# UK Mosquitos?



## TM-Dubz (Apr 13, 2011)

Lately I've had a few mosquito looking insects in my house. Are they mozzies and are they harmful in the UK (as disease carriers) if yes? 

Cheers


----------



## Bexzini (Oct 21, 2010)

Eek its a bit early for mozzies i thought you mostly start seeing them in the summer months!!! I dont think they are dangerous in the UK i think they are only dangerous in the really hot countries where they can spread malaria and stuff, but i might be wrong


----------



## aaronsweeting (Feb 3, 2011)

99% of the time there not dangerous in the uk, seeing as malaria isnt a wide spread issue here, i hate them things and squish everyone i see


----------



## TMSreptiles (Nov 15, 2010)

I'm not particularly excited for summer just because of the mosquitoes.
We live in Minnesota and a lot of people here say that mosquitoes are the state bird around here :Na_Na_Na_Na:
There are even mugs for it, so it must be serious.......
Anyways, they aren't a huge problem at our house because we have a "bugilator" in our backyard that kills most of them. My only fear is my ferret who hasn't had his yearly vaccinations yet because we leave a ton of our windoes open and there are sliding glass doors EVERYWHERE, so we barely even have walls in the summer.
Again not excited for the mosquito months 
Good luck smashing the poor things (they're living things too, ya know) :bash::bash:


----------



## Stelios (Aug 28, 2009)

Are you telling some one off for killing mossies?
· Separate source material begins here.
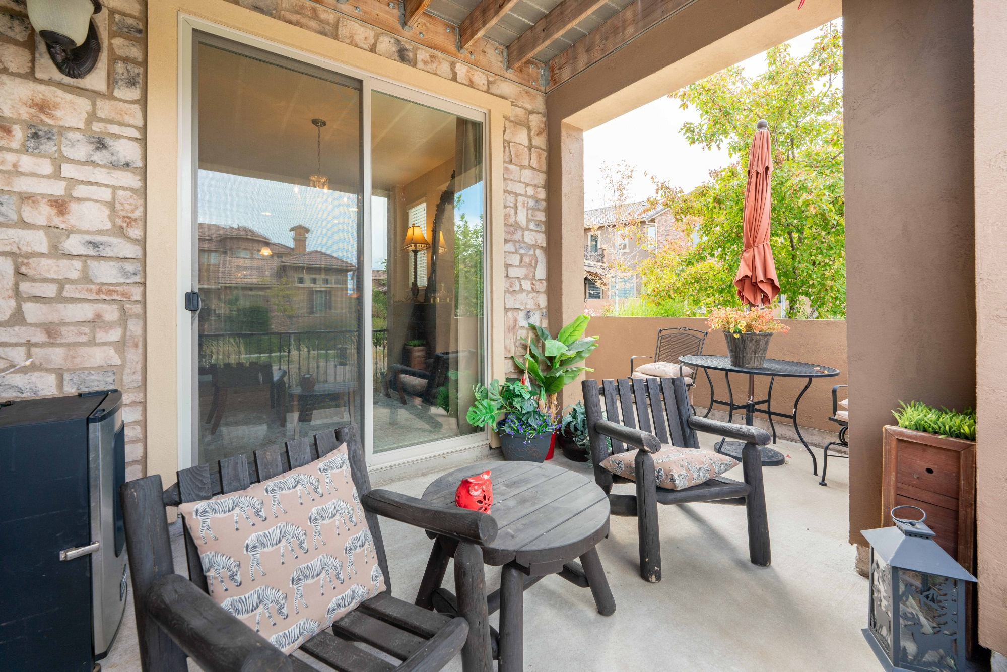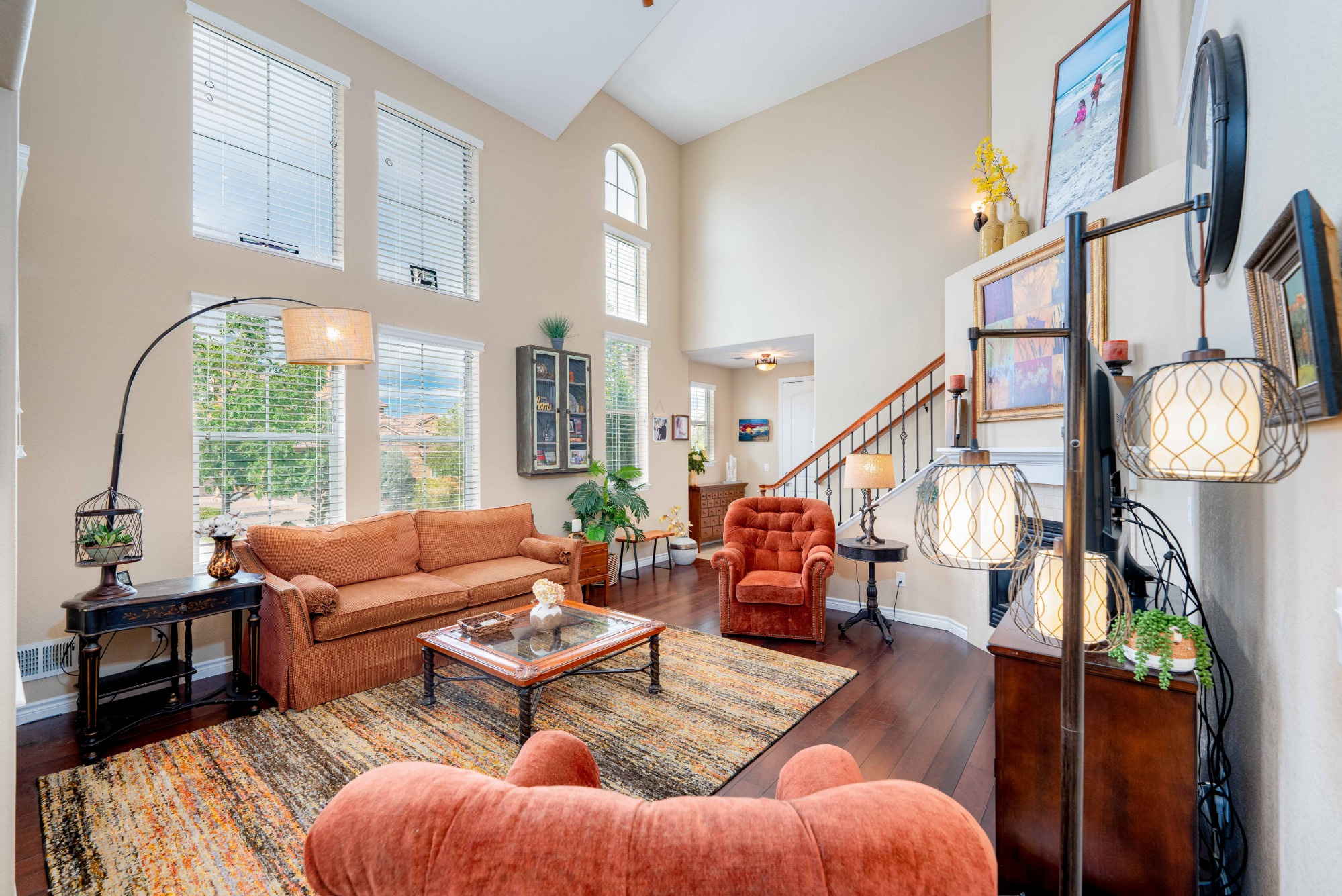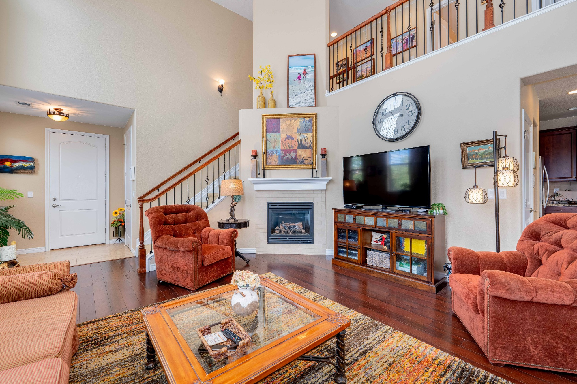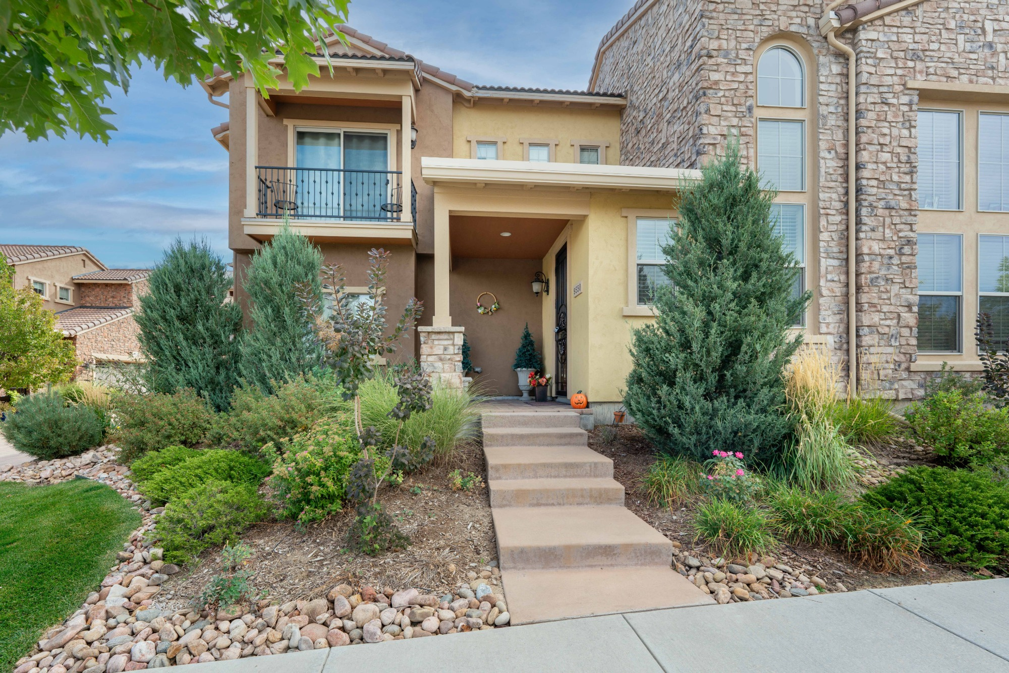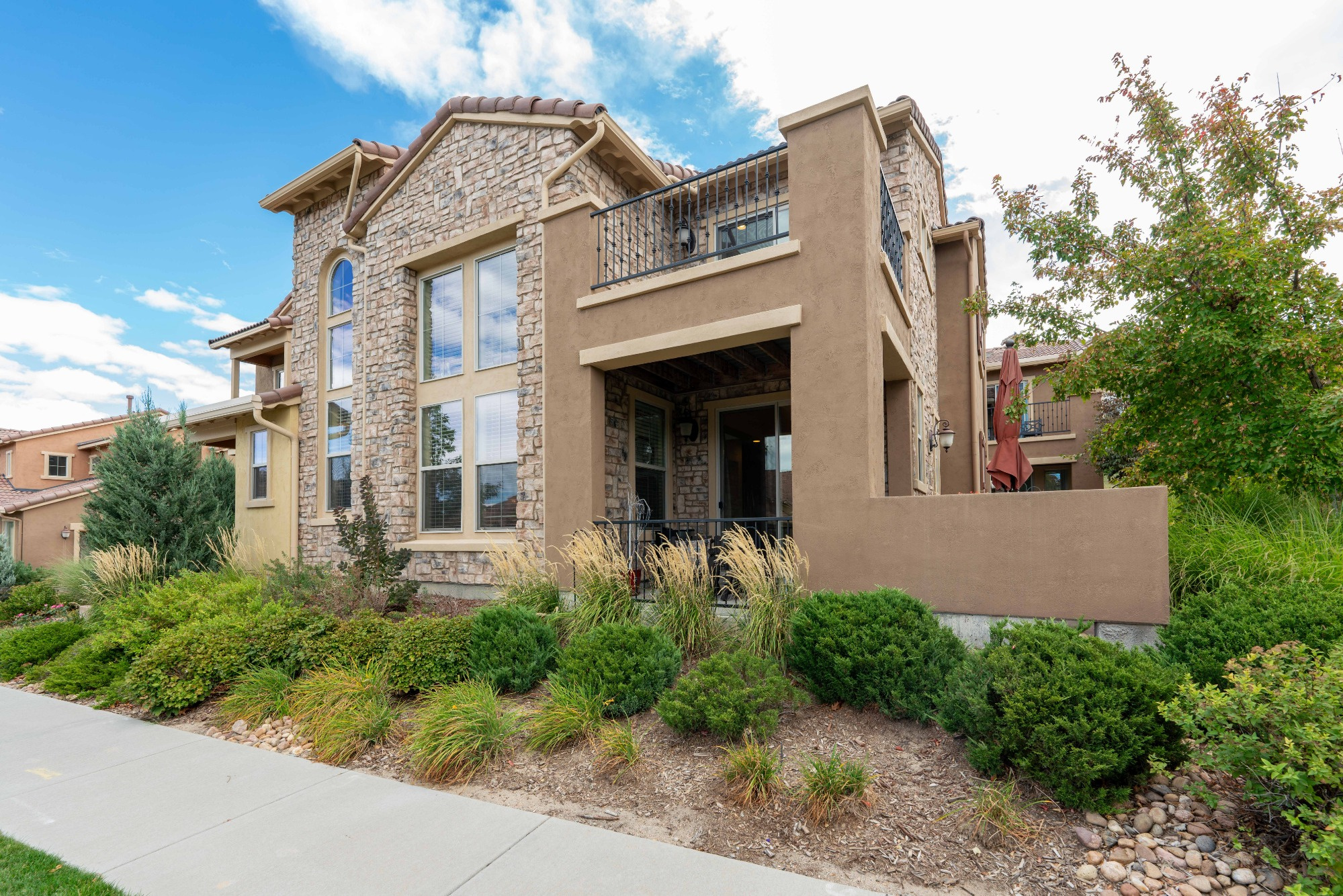 Exceptionally well designed, this Front facing townhome lives like a single family home with Windows on all 4 sides. Welcoming Front porch invites you inside to a Bright, Open Floorplan and a Spacious 2 Story Living Room boasting a Wall of Windows, a cozy Gas Fireplace with a Mantel and engineered Wood Flooring. The Elegant Dining room has a Slider leading out to a Large Wrap-around covered Patio that’s next to a grassy open space.

"Anyways, they aren't a huge problem at our house because we have a "bugilator" in our backyard that kills most of them."

Good luck killing them in your garden (they're living things too, ya know).


----------



## TMSreptiles (Nov 15, 2010)

Stelios said:


> Are you telling some one off for killing mossies?


 Um.... no. I'm just saying that people smash them without even thinking about the fact that they're living things too.
I'm not telling anyone off.


----------



## gray1 (May 24, 2010)

I've seen a few lately as well, they may of hatched early because of the hot weather. 
Just normally catch them and feed them to a mantis.


----------



## Hedgewitch (Feb 12, 2008)

Tango Mike Whiskey said:


> Lately I've had a few mosquito looking insects in my house. Are they mozzies and are they harmful in the UK (as disease carriers) if yes?
> 
> Cheers


They could be mozzies, they could be some of the smaller species of crane-fly, which look rather similar.



Bexzini said:


> Eek its a bit early for mozzies i thought you mostly start seeing them in the summer months!!! I dont think they are dangerous in the UK i think they are only dangerous in the really hot countries where they can spread malaria and stuff, but i might be wrong


We've seen mozzies up on the moors around here, so yeah, they're out all summer.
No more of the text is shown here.